▸ Problem to work on
Repeat every entry exactly. Pictures stay out.

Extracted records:
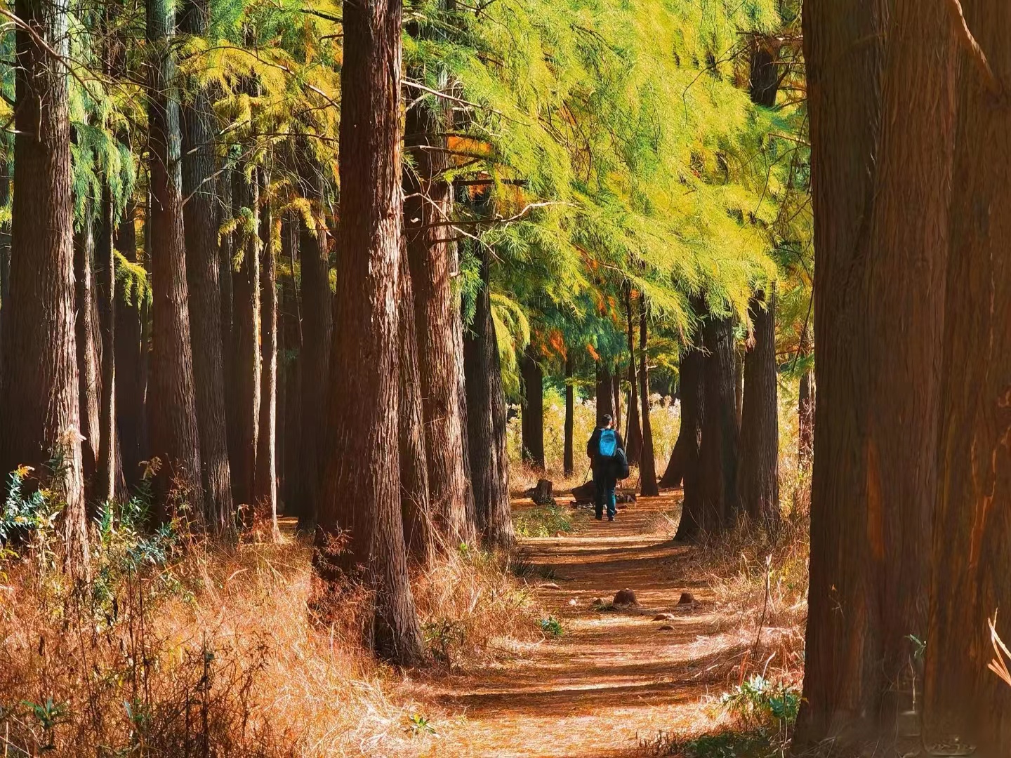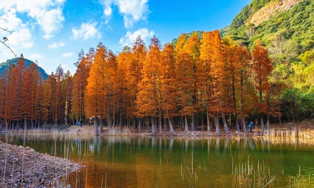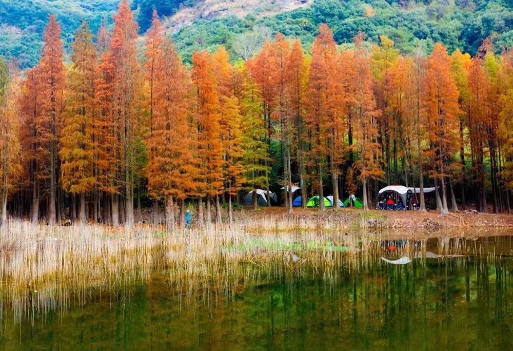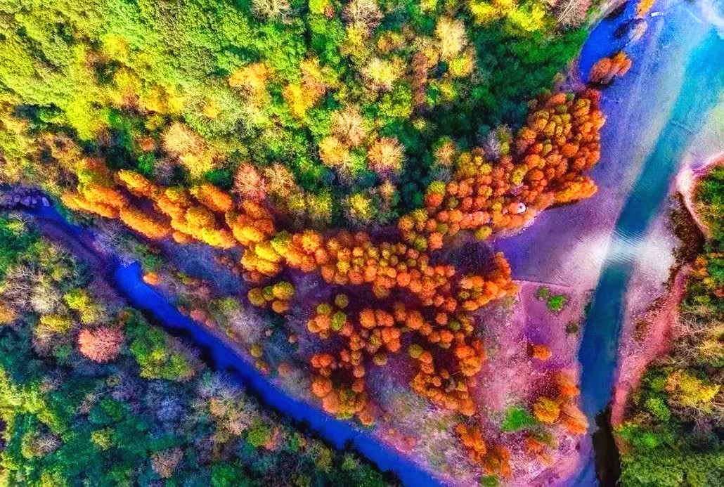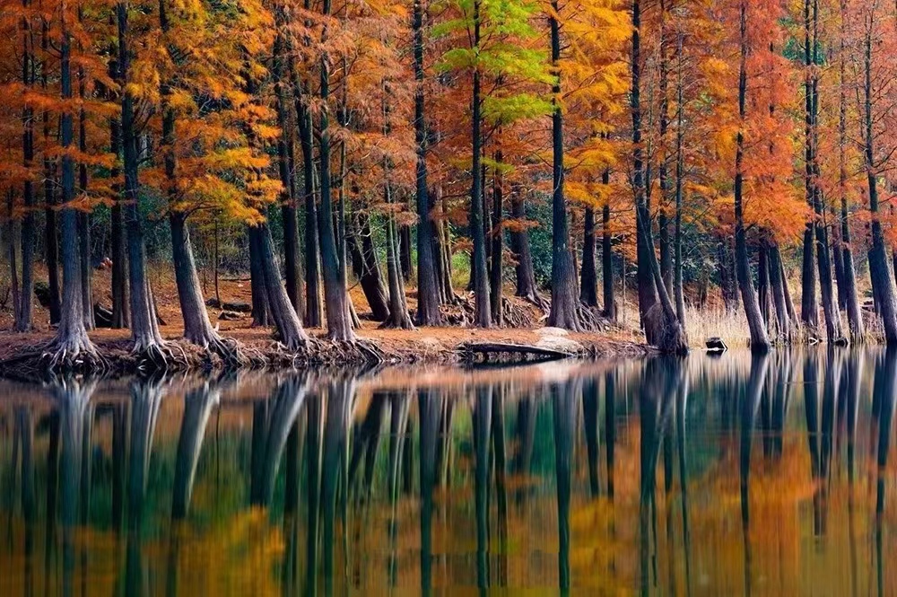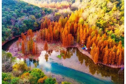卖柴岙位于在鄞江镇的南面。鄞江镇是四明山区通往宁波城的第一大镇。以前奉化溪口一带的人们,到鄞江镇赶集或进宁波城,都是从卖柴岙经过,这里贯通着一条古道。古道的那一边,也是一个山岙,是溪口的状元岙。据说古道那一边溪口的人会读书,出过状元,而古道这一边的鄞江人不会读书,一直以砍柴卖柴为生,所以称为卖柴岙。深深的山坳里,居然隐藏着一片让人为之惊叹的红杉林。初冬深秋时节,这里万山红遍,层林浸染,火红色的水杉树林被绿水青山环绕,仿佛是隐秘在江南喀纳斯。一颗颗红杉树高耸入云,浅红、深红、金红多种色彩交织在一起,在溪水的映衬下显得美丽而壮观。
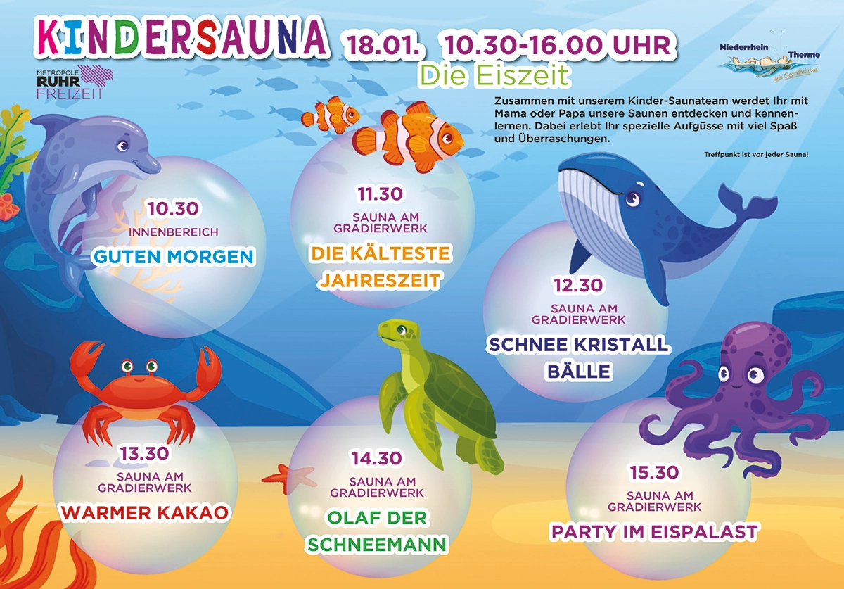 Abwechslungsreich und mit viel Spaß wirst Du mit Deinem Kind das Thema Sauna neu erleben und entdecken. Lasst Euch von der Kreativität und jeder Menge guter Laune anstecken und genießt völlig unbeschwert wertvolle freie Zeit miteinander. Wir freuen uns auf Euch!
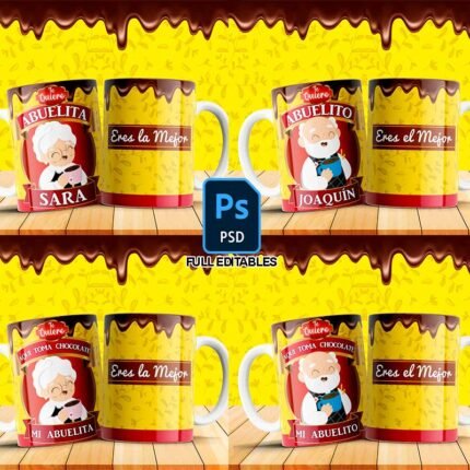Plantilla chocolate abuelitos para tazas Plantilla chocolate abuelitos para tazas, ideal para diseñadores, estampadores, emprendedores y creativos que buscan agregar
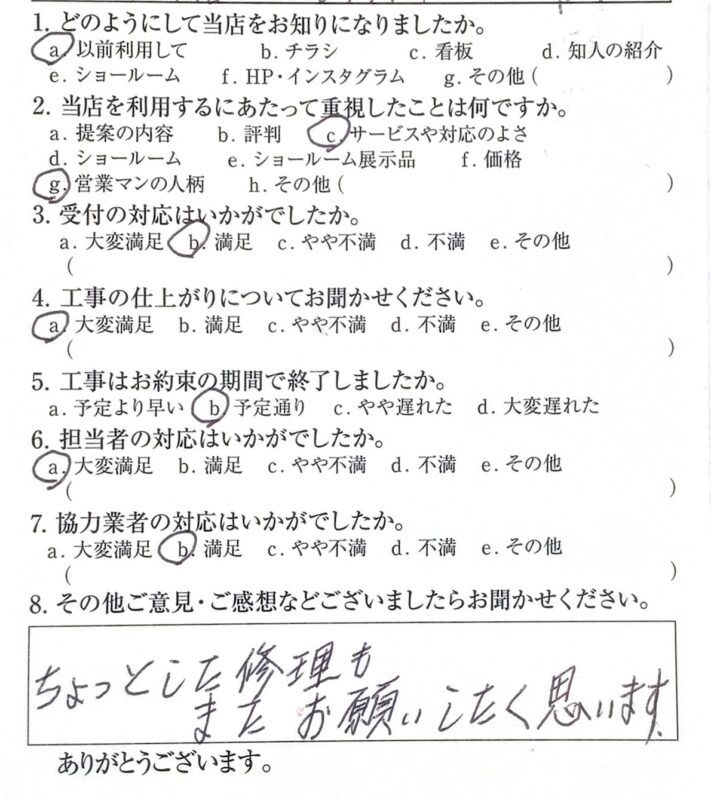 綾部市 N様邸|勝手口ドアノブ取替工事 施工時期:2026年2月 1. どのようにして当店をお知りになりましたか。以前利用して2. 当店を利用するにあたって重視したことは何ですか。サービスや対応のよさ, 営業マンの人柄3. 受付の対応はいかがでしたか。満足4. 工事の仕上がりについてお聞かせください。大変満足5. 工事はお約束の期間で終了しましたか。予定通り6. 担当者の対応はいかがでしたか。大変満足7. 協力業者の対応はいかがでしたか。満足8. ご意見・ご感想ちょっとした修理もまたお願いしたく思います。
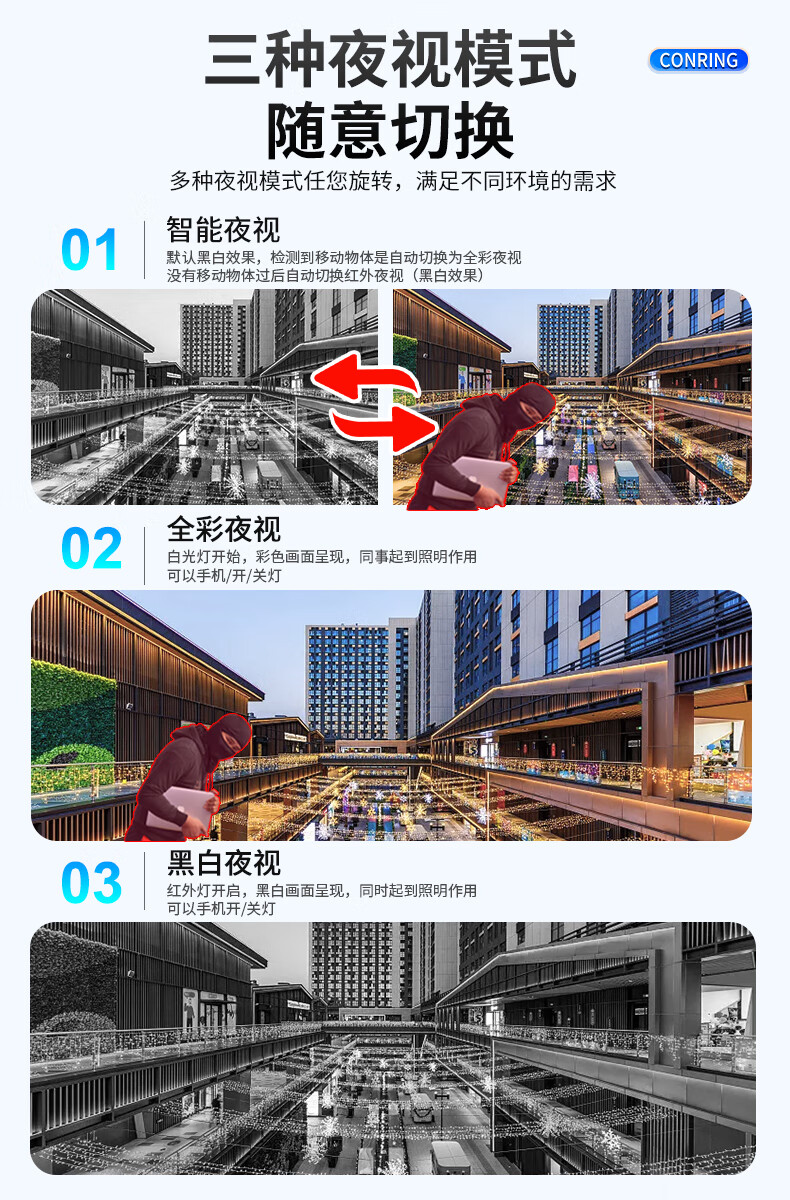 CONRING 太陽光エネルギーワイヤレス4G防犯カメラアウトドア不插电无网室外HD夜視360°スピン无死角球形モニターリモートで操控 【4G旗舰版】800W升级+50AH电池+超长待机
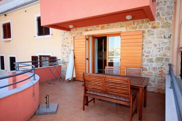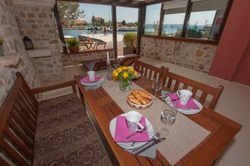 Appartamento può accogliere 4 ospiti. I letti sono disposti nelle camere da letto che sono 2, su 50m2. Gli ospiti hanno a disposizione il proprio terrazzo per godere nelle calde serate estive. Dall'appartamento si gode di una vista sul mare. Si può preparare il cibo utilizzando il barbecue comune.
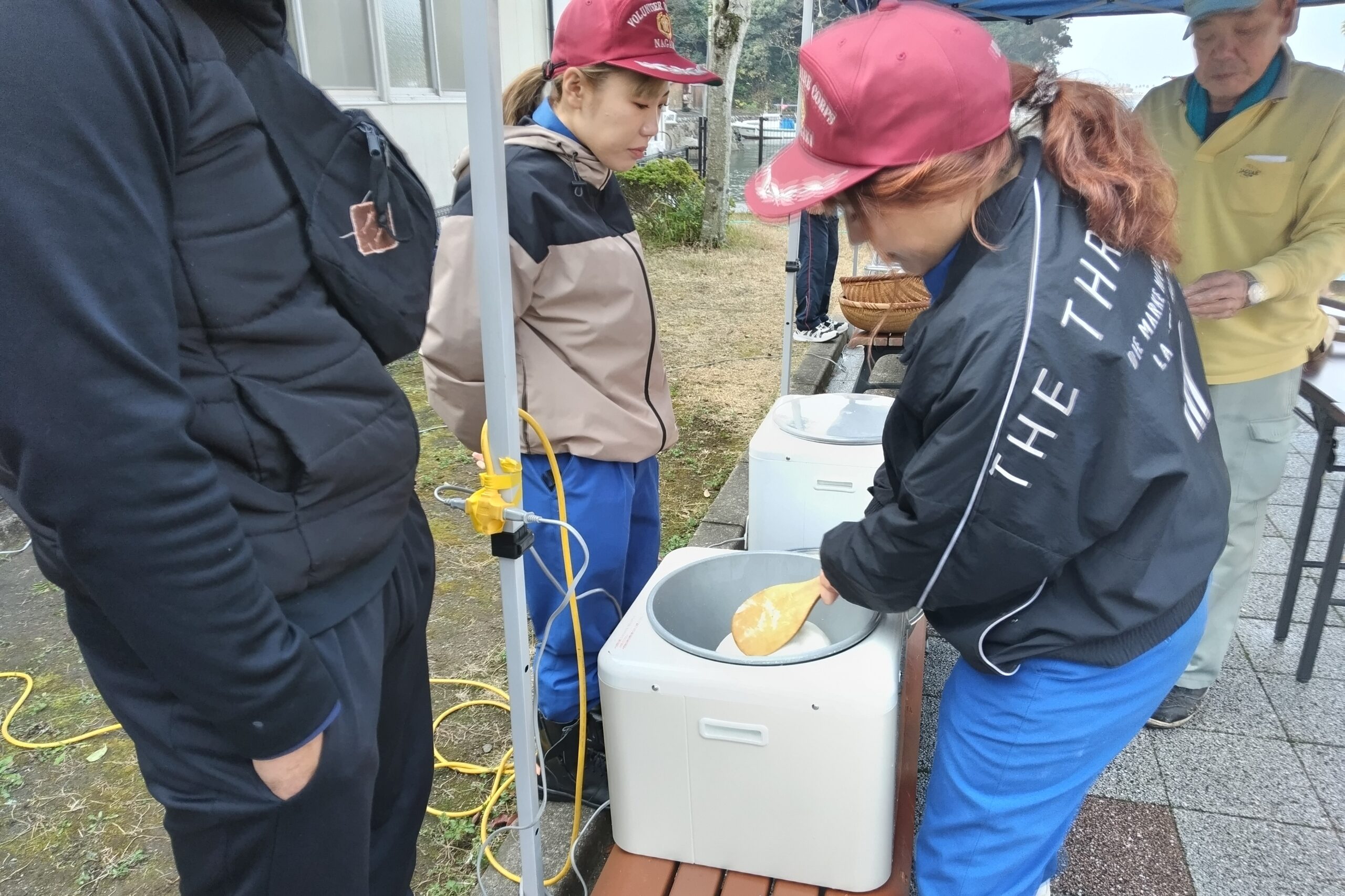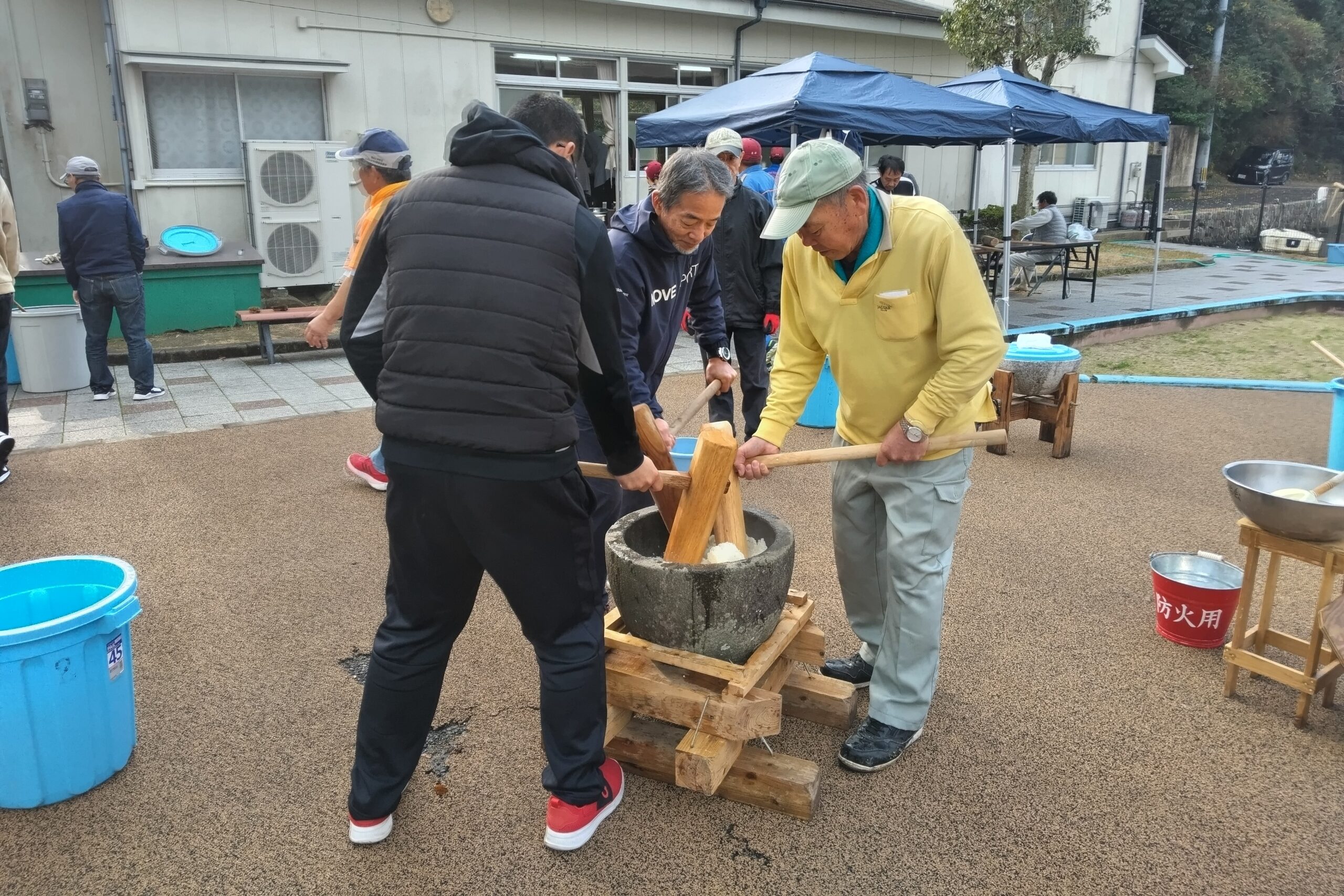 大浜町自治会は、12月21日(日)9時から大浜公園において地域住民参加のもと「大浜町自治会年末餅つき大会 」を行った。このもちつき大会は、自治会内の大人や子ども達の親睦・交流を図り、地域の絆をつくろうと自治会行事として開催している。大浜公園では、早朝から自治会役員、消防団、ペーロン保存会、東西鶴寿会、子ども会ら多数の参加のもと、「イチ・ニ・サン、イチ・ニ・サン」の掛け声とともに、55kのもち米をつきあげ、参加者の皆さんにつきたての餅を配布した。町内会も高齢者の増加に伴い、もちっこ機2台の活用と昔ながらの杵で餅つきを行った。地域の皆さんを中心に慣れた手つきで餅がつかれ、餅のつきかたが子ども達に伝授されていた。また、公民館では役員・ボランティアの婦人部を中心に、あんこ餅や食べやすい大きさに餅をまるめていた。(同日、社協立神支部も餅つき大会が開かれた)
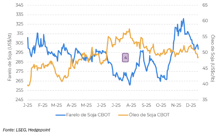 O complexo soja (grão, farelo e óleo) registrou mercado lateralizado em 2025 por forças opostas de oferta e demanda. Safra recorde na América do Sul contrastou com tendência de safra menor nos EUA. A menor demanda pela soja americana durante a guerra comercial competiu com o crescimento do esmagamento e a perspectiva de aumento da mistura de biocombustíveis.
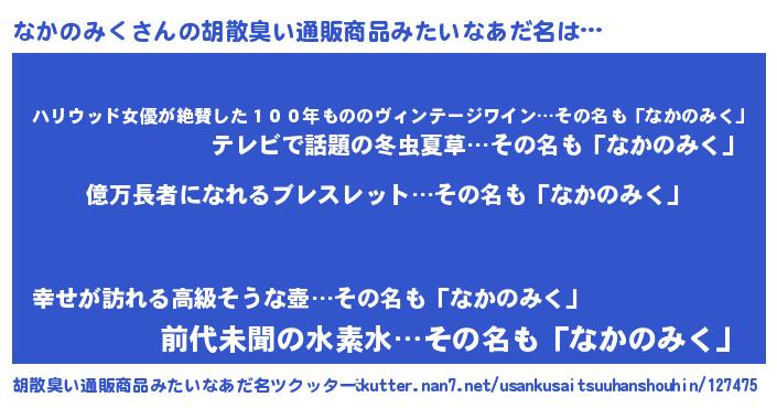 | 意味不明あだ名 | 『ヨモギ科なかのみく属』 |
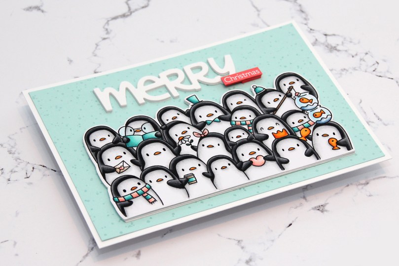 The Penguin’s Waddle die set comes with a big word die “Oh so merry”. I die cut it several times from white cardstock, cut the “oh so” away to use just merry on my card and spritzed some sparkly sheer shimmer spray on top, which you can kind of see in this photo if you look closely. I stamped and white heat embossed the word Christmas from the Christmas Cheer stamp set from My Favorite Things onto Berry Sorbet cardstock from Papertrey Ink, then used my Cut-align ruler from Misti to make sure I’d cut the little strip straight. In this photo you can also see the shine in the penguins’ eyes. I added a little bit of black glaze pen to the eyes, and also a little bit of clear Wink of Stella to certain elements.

▸ Your response
卖柴岙位于在鄞江镇的南面。鄞江镇是四明山区通往宁波城的第一大镇。以前奉化溪口一带的人们,到鄞江镇赶集或进宁波城,都是从卖柴岙经过,这里贯通着一条古道。古道的那一边,也是一个山岙,是溪口的状元岙。据说古道那一边溪口的人会读书,出过状元,而古道这一边的鄞江人不会读书,一直以砍柴卖柴为生,所以称为卖柴岙。深深的山坳里,居然隐藏着一片让人为之惊叹的红杉林。初冬深秋时节,这里万山红遍,层林浸染,火红色的水杉树林被绿水青山环绕,仿佛是隐秘在江南喀纳斯。一颗颗红杉树高耸入云,浅红、深红、金红多种色彩交织在一起,在溪水的映衬下显得美丽而壮观。
 Abwechslungsreich und mit viel Spaß wirst Du mit Deinem Kind das Thema Sauna neu erleben und entdecken. Lasst Euch von der Kreativität und jeder Menge guter Laune anstecken und genießt völlig unbeschwert wertvolle freie Zeit miteinander. Wir freuen uns auf Euch!
Plantilla chocolate abuelitos para tazas Plantilla chocolate abuelitos para tazas, ideal para diseñadores, estampadores, emprendedores y creativos que buscan agregar
 綾部市 N様邸|勝手口ドアノブ取替工事 施工時期:2026年2月 1. どのようにして当店をお知りになりましたか。以前利用して2. 当店を利用するにあたって重視したことは何ですか。サービスや対応のよさ, 営業マンの人柄3. 受付の対応はいかがでしたか。満足4. 工事の仕上がりについてお聞かせください。大変満足5. 工事はお約束の期間で終了しましたか。予定通り6. 担当者の対応はいかがでしたか。大変満足7. 協力業者の対応はいかがでしたか。満足8. ご意見・ご感想ちょっとした修理もまたお願いしたく思います。
 CONRING 太陽光エネルギーワイヤレス4G防犯カメラアウトドア不插电无网室外HD夜視360°スピン无死角球形モニターリモートで操控 【4G旗舰版】800W升级+50AH电池+超长待机
 Appartamento può accogliere 4 ospiti. I letti sono disposti nelle camere da letto che sono 2, su 50m2. Gli ospiti hanno a disposizione il proprio terrazzo per godere nelle calde serate estive. Dall'appartamento si gode di una vista sul mare. Si può preparare il cibo utilizzando il barbecue comune.
 大浜町自治会は、12月21日(日)9時から大浜公園において地域住民参加のもと「大浜町自治会年末餅つき大会 」を行った。このもちつき大会は、自治会内の大人や子ども達の親睦・交流を図り、地域の絆をつくろうと自治会行事として開催している。大浜公園では、早朝から自治会役員、消防団、ペーロン保存会、東西鶴寿会、子ども会ら多数の参加のもと、「イチ・ニ・サン、イチ・ニ・サン」の掛け声とともに、55kのもち米をつきあげ、参加者の皆さんにつきたての餅を配布した。町内会も高齢者の増加に伴い、もちっこ機2台の活用と昔ながらの杵で餅つきを行った。地域の皆さんを中心に慣れた手つきで餅がつかれ、餅のつきかたが子ども達に伝授されていた。また、公民館では役員・ボランティアの婦人部を中心に、あんこ餅や食べやすい大きさに餅をまるめていた。(同日、社協立神支部も餅つき大会が開かれた)
 O complexo soja (grão, farelo e óleo) registrou mercado lateralizado em 2025 por forças opostas de oferta e demanda. Safra recorde na América do Sul contrastou com tendência de safra menor nos EUA. A menor demanda pela soja americana durante a guerra comercial competiu com o crescimento do esmagamento e a perspectiva de aumento da mistura de biocombustíveis.
 | 意味不明あだ名 | 『ヨモギ科なかのみく属』 |
 The Penguin’s Waddle die set comes with a big word die “Oh so merry”. I die cut it several times from white cardstock, cut the “oh so” away to use just merry on my card and spritzed some sparkly sheer shimmer spray on top, which you can kind of see in this photo if you look closely. I stamped and white heat embossed the word Christmas from the Christmas Cheer stamp set from My Favorite Things onto Berry Sorbet cardstock from Papertrey Ink, then used my Cut-align ruler from Misti to make sure I’d cut the little strip straight. In this photo you can also see the shine in the penguins’ eyes. I added a little bit of black glaze pen to the eyes, and also a little bit of clear Wink of Stella to certain elements.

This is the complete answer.